NAPLES, Fla. (AP) — Ariya Jutanugarn is occasionally fearful on the golf course, which might seem peculiar given her resume.
She's already clinched the LPGA's player of the year award, her second in the last three seasons. She's already clinched the money title, also for the second time in three years. She's back to No. 1 in the world rankings, will almost certainly have the lowest scoring average on tour this year and finished in the top 10 more regularly than any of her fellow competitors.
If all that wasn't enough, she has the best chance this week at the season-ending tour championship that starts Thursday at Tiburon Golf Club of capturing the Race to the CME Globe — which comes with a $1 million bonus.
So still playing scared at times, that's a puzzler.
"I just want to improve myself every day," Jutanugarn said. "I know I have so much room (to) improve. ... Every time when I go out and play I always have some different situation. Sometimes I worry. Sometimes I'm scared. Sometimes I feel so confident to play golf."
The confident moments seem like they override the worrisome and fearful ones.

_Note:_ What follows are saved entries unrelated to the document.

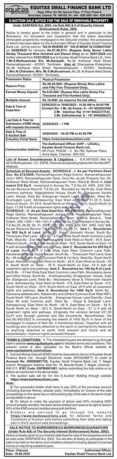 Ramanathapuram Regd District, Ramanathapuram Joint ISRO. Ramanathapuram Taluk, Door No as per Property Tax. 38. Kothanar West Street, Ramanathapuram Town, Ward-B, Block-4, total extent 910 Sq.ft comprised in Survey No: TS.No-24, GRS. 325/394, As per Revenue Record: TS.No-24, Bounded by: North By- East West common pathway, Nagalakshmi House, South By- Elangovan Vacant Land, House, East By- Elangovan Vacant Land, Vennilam, West By-Arumugam Land, Admeasuring: East West on North 51.25 ft. East-West on South-51.25 ft. South North on West-17.45 ft. South-North on East-17.45 ft with all easement rights and pathway. SCHEDULE-II: As per Sale Deed Doc. No. 642/2022. Ramanathapuram Regd District, Ramanathapuram Joint I SRO, Ramanathapuram Taluk Kothanar West Street. Ramanathapuram Town, Ward-B, Block-4, Total Extent: 855-855180931.5-2821.50 Sq Ft. comprised in Survey No: T.S.No-25, 28.29, 30, 31, GRS. 325/394, GRS. 325/397, GRS. 325/398 As per Revenue Record: T.S. No-25, 28.29, 30, 31, Item 1: Boundaries for 855 Sq.ft of Land. North By- Gopal, Sampath House, South By-Thiraviyam Part Land. East By-4 Feet Wide South North Common Lane Path, West By-2nd Item. Admeasuring: East West on North-45 ft. East-West on South-45ft, South North on West-19 ft. South-North on East-19 ft with all easement rights and pathway. Item 2: Boundaries for 855 Sq.ft of Land. North By 3 Feet Wide East West Common Lane Path Easwaramoorthy & Gopal House. South By Thiraviyam Part Land, East By-4ft wide South North Common Path & 1st Item, West By-South North Road. Admeasuring. East West on North-45 ft. East-West on South-45 ft. South North on West 19 ft. South-North on East -19 ft with all easement rights and pathway. Item 3: Boundries for 180 Sq.ft of Land: North By-3 Feet Wide East West Common Lane Path, Muniasamy devar and Other House, South By Krishnamoorthy, Sivagnanam House, East By- Elangovan Land, West By Muniasamy devar & Thiraviyam Vacant Land. Admeasuring: East West on North-9 ft. East-West on South-9 ft South North on West-20 ft. South-North on East -20 ft with all easement rights and pathway Item 4: Boundaries for 1400 Sq.ft. North By-Saravana sakkaravathi, Nallamuthu and Others Common East West 46Ft, South North 19ft Land, South By Elangovan House, Land East By-East West öft wide Common path, West By Gopal & Sampath Land. Admeasuring: East West on North-40 ft, East-West on South-44 ft. South North on West-30% ft. South-North on East-31 %ft with all easement rights and pathway (Originally the vendors derived 931.50 Sq. Ft only through parental and title documents. Nevertheless, the doc. No.642/2022 is conveying the extend of 1400 Sq Ft in favor of the mortgager in respect of Item No. 4 mentioned above). Together with all buildings and structure attached to the earth or permanently fastened to anything attached to earth, both present and future and all easementary/mamool rights annexed thereto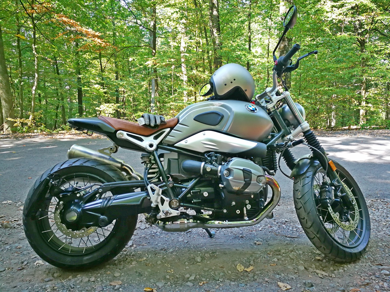 mein BMW nineT Scrambler (vorne 19", hinten 17"), ca. 3.000 km auf der Uhr und mit Kreuzspeichen-Felgen (tubeless), hoppelt.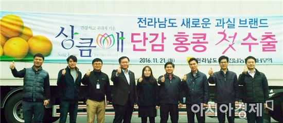 [아시아경제 노해섭 기자]농협전남지역본부(본부장 강남경)는 21일 순천시거점산지유통센터에서 단감수출연합으로 육성하고 있는 구례농협(조합장 조재원)과 순천연합조합공동사업법인(대표이사 장용식) 관계자들이 참석한 가운데 우리지역 단감의 홍콩 첫 수출 상차를 실시했다.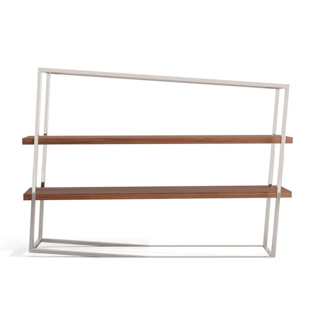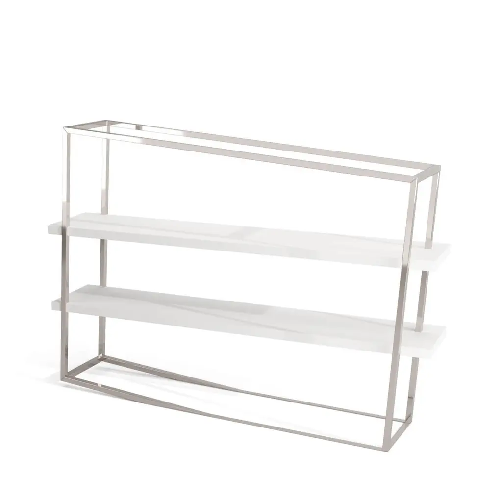 Modern Accent Bookcase With Shelves In White Lacquer & Brushed Stainless Steel

She got hot at the right time in 2018 — winning twice in May, the second of those being the U.S. Women's Open, then grabbing the Scottish Open victory in July. She's been tied for third or better in three of her last four starts, and went 67-67 on the weekend to prevail at the tour championship on this southwest Florida track last year.
Jutanugarn won't carry a driver this week — she's 122nd this season in driving accuracy — but she seems to rarely have trouble scoring. She leads the LPGA in birdies, is third in putting average and is even 13th in driving distance despite her disdain for using what ordinarily is the biggest club in the bag.
"I want to play well, I want to hit this shot good because I care about other people, what they're going to be thinking about me," Jutanugarn said. "But then I have to come back to myself and know that other people's expectation is not my expectation. I have to know what is my expectation, because I expect to have a good commitment with every shot. I expect myself to have fun, enjoy, and feel free on the course."
She's one of five women in the field who have the simplest path to winning the CME Globe: Win the tournament, and the trophy and bonus are theirs. Minjee Lee, Brooke Henderson, Nasa Hataoka and Sung Hyun Park are the others; five who are assured of winning the Globe if they win the tournament. There are seven other women with a mathematical chance,
"One of my main goals this year was to be in the top five coming into this event so that I could have this opportunity," Henderson said. "I've been really fortunate that for the past three years I've been in position if I play well this week that I could walk away with that $1 million, which is pretty special. I think it all comes down to you need to have a really great week."
It's the third consecutive year where Henderson has come to Naples — she's Canadian, but now has a home about 30 minutes away from Tiburon — with a chance to win the Globe and the bonus money.
She still doesn't know what she'd do if she won the extra $1 million.
"I've been asked that the last three years, and I'm still not really sure," Henderson said. "But just the opportunity to be here, I'm really grateful. Hopefully I can do something special this week."